What you will do
Within the records below is a range that opens at the line with "Wenn ihr noch" and closes at the line with "The 1980s Vintage". Return that range word for word, both ends included, and only that range.
Data Start Marker
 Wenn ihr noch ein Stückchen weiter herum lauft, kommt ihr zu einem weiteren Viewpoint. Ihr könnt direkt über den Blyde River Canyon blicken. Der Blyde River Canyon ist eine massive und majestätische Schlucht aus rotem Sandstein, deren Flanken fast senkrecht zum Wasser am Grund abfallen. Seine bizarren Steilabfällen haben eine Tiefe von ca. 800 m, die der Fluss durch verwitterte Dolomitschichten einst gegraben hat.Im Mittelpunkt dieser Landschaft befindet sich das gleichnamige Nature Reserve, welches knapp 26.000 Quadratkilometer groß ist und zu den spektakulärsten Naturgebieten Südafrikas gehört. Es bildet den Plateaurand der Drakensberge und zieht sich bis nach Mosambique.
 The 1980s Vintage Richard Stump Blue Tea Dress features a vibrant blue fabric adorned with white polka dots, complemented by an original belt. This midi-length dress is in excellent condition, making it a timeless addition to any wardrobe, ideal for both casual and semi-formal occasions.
Data End Marker
Data Start Marker
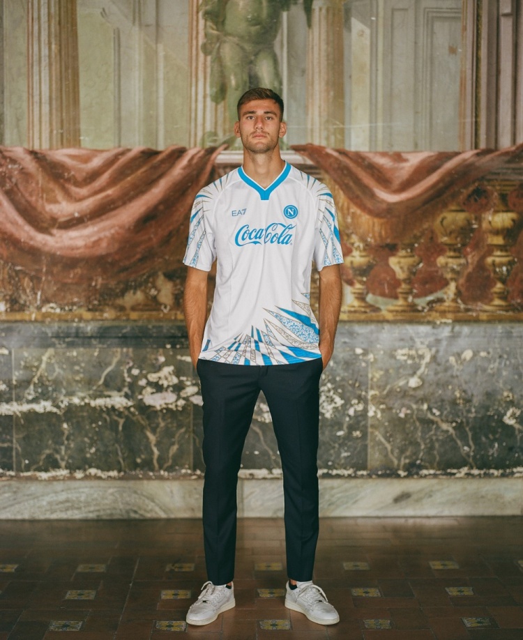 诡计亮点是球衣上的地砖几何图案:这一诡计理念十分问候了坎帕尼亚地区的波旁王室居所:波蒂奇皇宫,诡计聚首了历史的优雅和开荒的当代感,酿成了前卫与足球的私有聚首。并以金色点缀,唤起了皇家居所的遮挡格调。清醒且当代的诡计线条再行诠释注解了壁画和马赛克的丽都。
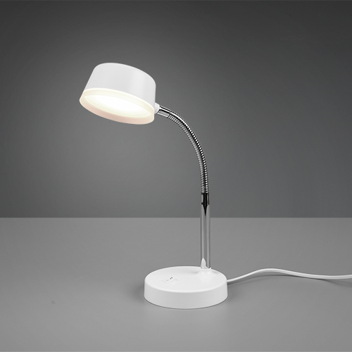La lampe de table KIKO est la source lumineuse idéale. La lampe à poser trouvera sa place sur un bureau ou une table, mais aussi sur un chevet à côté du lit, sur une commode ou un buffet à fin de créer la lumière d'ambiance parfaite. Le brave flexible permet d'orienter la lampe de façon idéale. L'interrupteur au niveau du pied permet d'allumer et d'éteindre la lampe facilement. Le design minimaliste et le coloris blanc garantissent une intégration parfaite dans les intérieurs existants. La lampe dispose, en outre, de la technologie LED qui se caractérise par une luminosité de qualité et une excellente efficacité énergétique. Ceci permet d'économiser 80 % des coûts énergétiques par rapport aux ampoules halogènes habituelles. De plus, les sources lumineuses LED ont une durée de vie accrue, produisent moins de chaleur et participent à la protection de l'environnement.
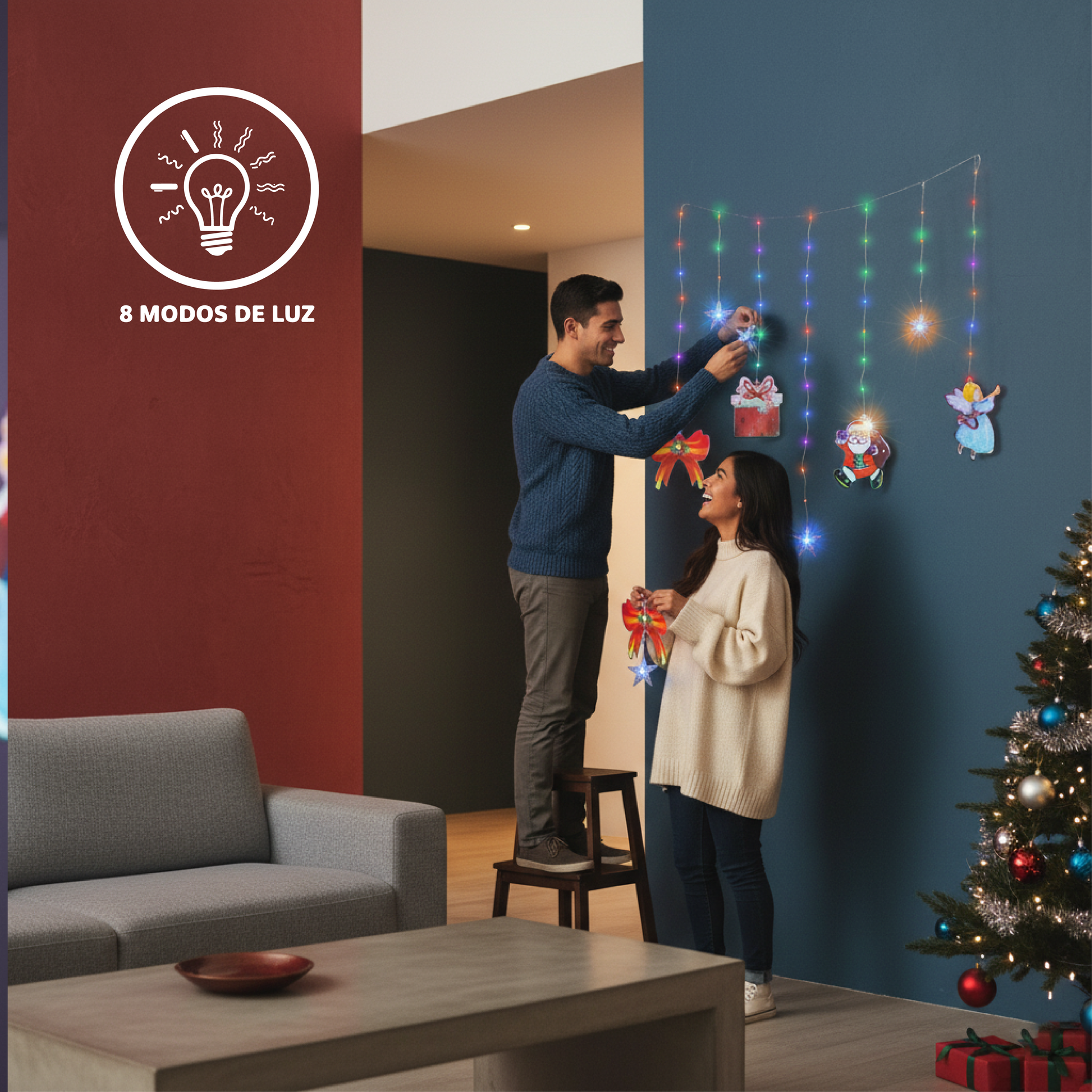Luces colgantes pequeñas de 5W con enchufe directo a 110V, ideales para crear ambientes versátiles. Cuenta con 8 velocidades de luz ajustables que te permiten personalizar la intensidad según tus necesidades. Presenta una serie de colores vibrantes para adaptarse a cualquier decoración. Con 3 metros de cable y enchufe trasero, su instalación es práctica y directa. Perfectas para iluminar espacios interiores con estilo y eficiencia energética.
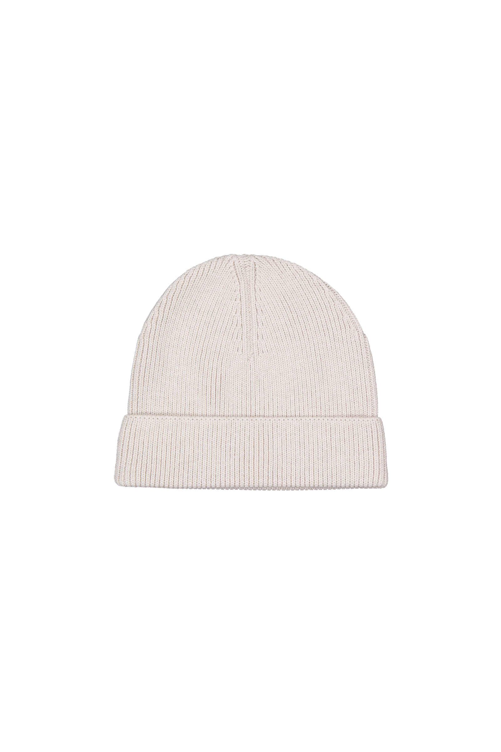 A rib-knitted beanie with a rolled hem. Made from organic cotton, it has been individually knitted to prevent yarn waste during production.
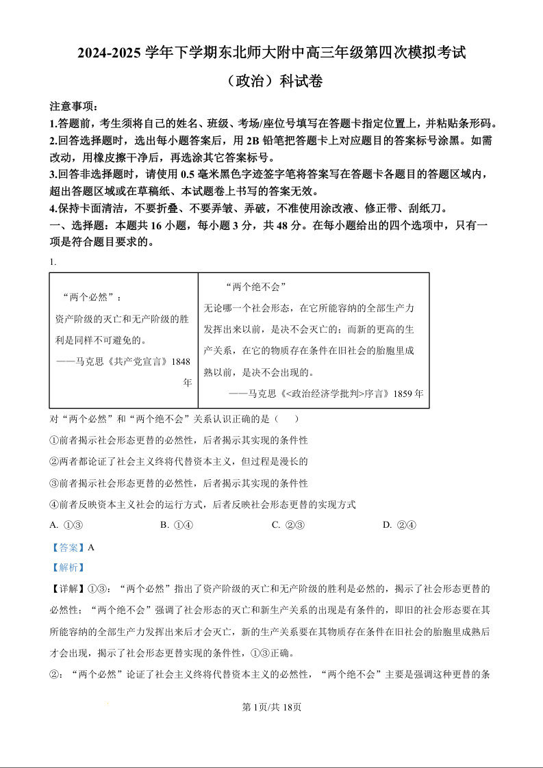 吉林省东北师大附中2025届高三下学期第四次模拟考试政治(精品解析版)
Data End Marker
Data Start Marker
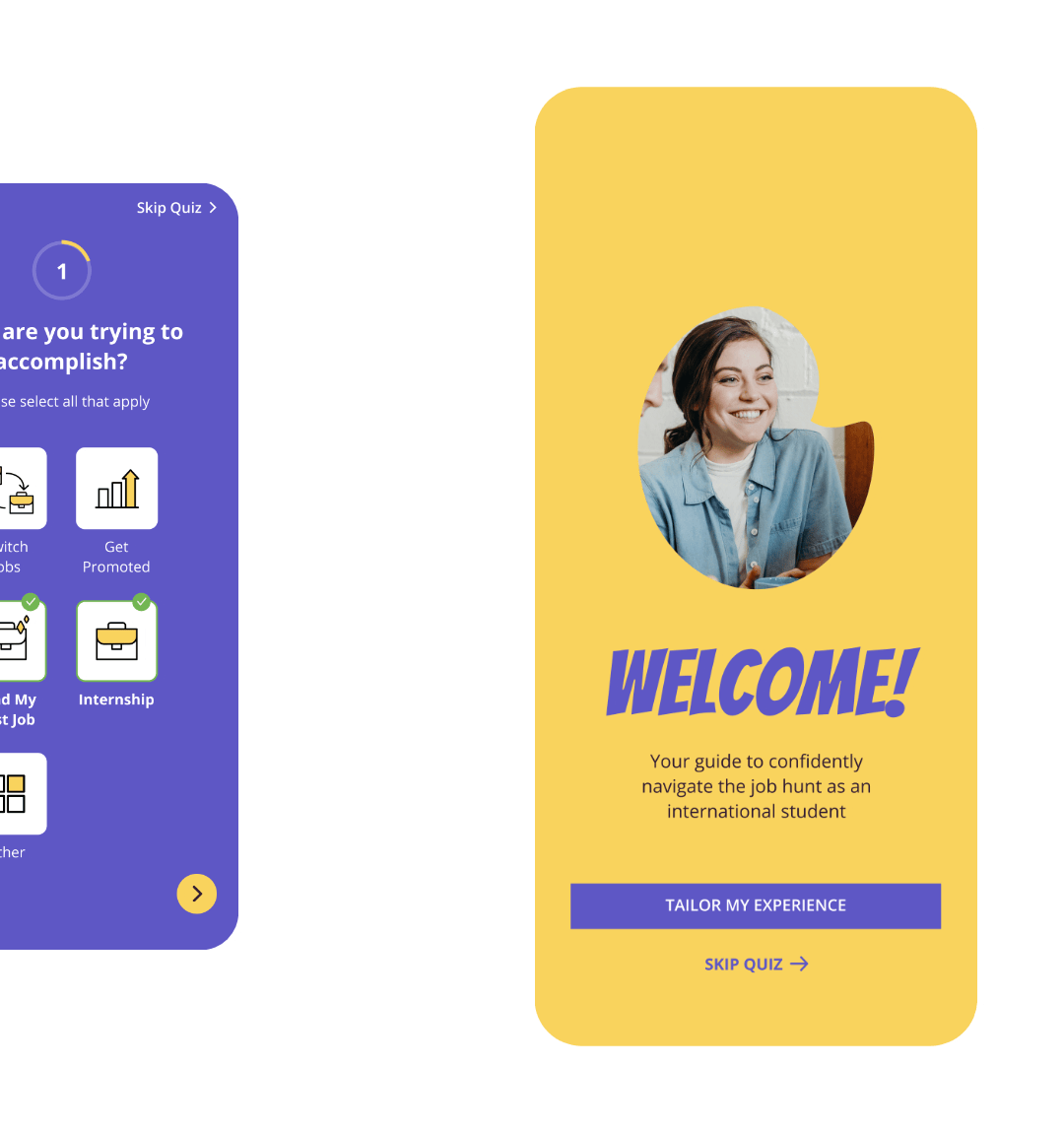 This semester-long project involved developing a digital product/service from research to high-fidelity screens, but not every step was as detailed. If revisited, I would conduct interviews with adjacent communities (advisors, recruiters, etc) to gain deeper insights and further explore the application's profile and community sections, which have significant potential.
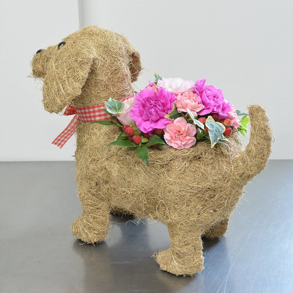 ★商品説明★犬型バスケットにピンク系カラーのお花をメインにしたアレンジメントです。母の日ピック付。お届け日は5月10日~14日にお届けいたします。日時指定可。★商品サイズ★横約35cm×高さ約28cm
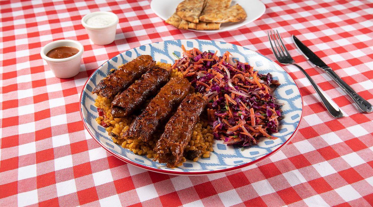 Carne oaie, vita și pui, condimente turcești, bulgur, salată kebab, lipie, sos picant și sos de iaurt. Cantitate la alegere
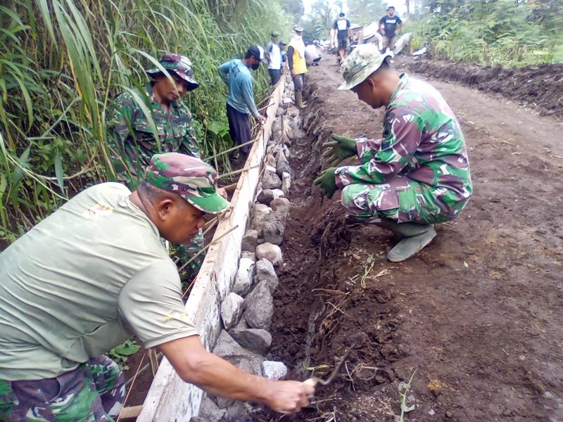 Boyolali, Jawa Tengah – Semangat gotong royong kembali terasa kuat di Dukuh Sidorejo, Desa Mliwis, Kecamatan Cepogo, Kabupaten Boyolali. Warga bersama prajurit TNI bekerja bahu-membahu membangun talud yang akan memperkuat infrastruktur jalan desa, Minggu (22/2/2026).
Data End Marker
Written answer
 Wenn ihr noch ein Stückchen weiter herum lauft, kommt ihr zu einem weiteren Viewpoint. Ihr könnt direkt über den Blyde River Canyon blicken. Der Blyde River Canyon ist eine massive und majestätische Schlucht aus rotem Sandstein, deren Flanken fast senkrecht zum Wasser am Grund abfallen. Seine bizarren Steilabfällen haben eine Tiefe von ca. 800 m, die der Fluss durch verwitterte Dolomitschichten einst gegraben hat.Im Mittelpunkt dieser Landschaft befindet sich das gleichnamige Nature Reserve, welches knapp 26.000 Quadratkilometer groß ist und zu den spektakulärsten Naturgebieten Südafrikas gehört. Es bildet den Plateaurand der Drakensberge und zieht sich bis nach Mosambique.
 The 1980s Vintage Richard Stump Blue Tea Dress features a vibrant blue fabric adorned with white polka dots, complemented by an original belt. This midi-length dress is in excellent condition, making it a timeless addition to any wardrobe, ideal for both casual and semi-formal occasions.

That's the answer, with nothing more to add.